Hazbin getting "snubbed" at the Grammy's because anyone older than 17 is thoroughly unimpressed with the writing and songs is pretty funny.
Hollywood conspiracies aside, I don't see the soundtrack of Hazbin Hotel as something to get a Grammy or even an Oscar nomination. It's stylistically diverse, funny and charming at times, well mixed and doesn't start feeling too annoying along the full listen, but it just feels... uninspired? Bland? I mean, don't get me wrong, I loved the electro swing standoff between Lucifer and Alastor and Adam's song is great simply because he's the best character of the series and whoever disagrees is a poser. It's just that all of these songs don't have too much of a character to them, like they ain't got much to stand out on their own. I really don't want to compare it to any Disney-produced or any nominated soundtracks and I frankly don't have the energy to listen to them, but I would assume that they've either left more impact on the culture or were just produced more lovingly.
Part of me thinks the reason they pushed Poison for best song is because it's "Wow so deep!", basically the song equivalent of an Oscar bait movie, because Stayed Gone, Hell is Forever, and Hell's Greatest Dad are massively better than Poison, maybe then it would have grabbed a nom.
Poison sounds nothing like an Oscar bait and definitely not a lyrically deep song. If any, I feel like "Respectless" out of all songs would have ended up a banger and a potential major award nominee, if it was performed by two pop music icons and its part in the episode received additional stylistic treatment.
It's funny because Poison was essentially a replacement for the song Addict. Even funnier because most of the Fandom likes Addict better than Poison too.

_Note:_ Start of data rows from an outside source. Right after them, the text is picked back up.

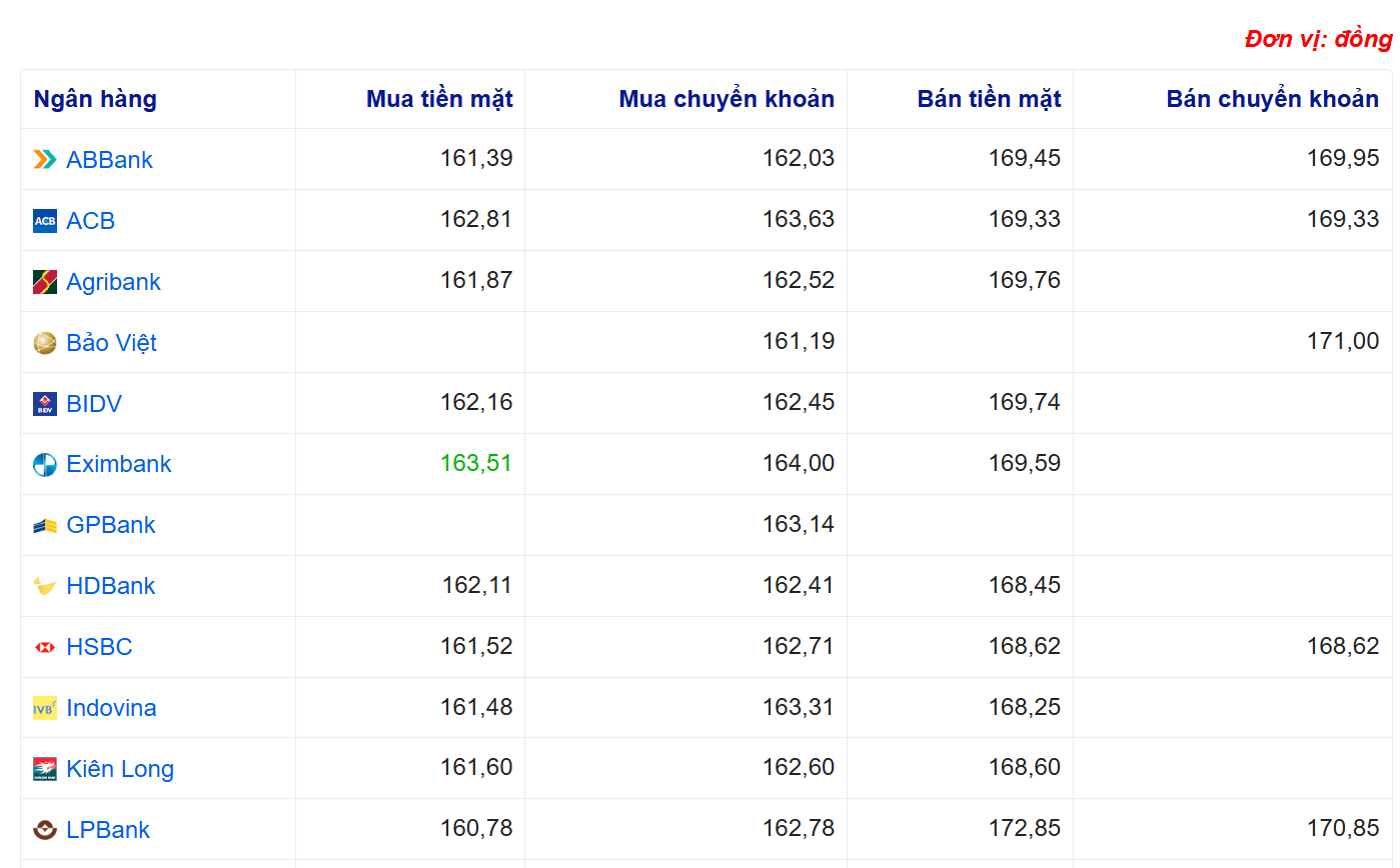 Tỷ giá yên Nhật tiếp tục ổn định với giá mua vào tại các ngân hàng quanh 160 – 162 đồng/JPY và giá bán ra phổ biến dưới 172 đồng/JPY.
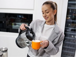 Odolné sklo umožní kontrolu hladiny vody, modré LED světlo elegantně signalizuje ohřev a dodá kuchyni moderní vzhled.
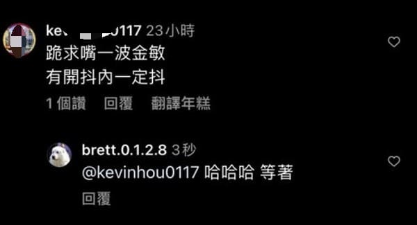 而在蘇翊傑貼文底下,有球迷留言寫到「跪求嘴一波金敏,有開抖內一定抖」,蘇翊傑也在底下回應「哈哈哈,等著」,另外也有球迷寫到「想看還的部分」,蘇翊傑則回「你們懂得,他們當大家都傻子,玻璃心的幾個人。」
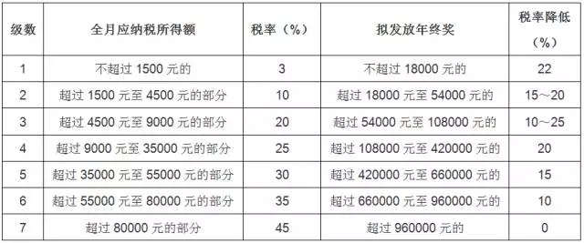 附表(以工资、薪金为例):拟发放年终奖及税率降低一览表
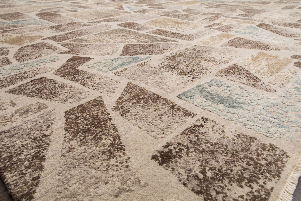 Дизайн ковров напоминает современные полотна художников-абстракционистов и производит столь же яркое и незабываемое впечатление в интерьере. Живописный эффект и необычная фактура зависят от выбора материала: натуральной шерсти, шёлка и от их сочетаний друг с другом. Ковры ткутся вручную в лучших мастерских Индии и Пакистана.

Might be due to the fact that Addict came out when Hazbin Hotel was still a pilot and Angel was voiced by Michael Kovach: when a character is created and its actor clicks with it in perfect chemistry, he becomes irreplaceable - the voice actor
becomes his voice, just like Brandon Rogers became the irreplacable voice for Blitz. I could think of at least a dozen voices for a gay Italian prostitute spider from hell, which also implies that four years before the release of the pilot VivziePop was considering his voice to be similar to
Richard Gere and
Steve Buscemi, but Michael has eventually defined both Angel and his voice in other projects - whenever I've heared his voice in other cartoon pilots, like Lackadaisy or Digital Circus, I was instantly thinking of "that Hazbin dude" speaking. His current actor Blake Roman, who I think did a decent job imitating his voice cracking and snarky intonation, won't bring the same energy into Angel Dust as Michael did. Most likely never will. In the context of a song accompanied by an animated sequence that features Angel Dust himself, an avid fan would expect to see and hear the character he got used to adore, yet that same energy is no longer there, even if the arrangement is of a better production quality. Perhaps if Michael's voice was in the first season "Poison" would have found more appeal, but at this point it's just an imitation - a not particularly bad one, but still an imitation.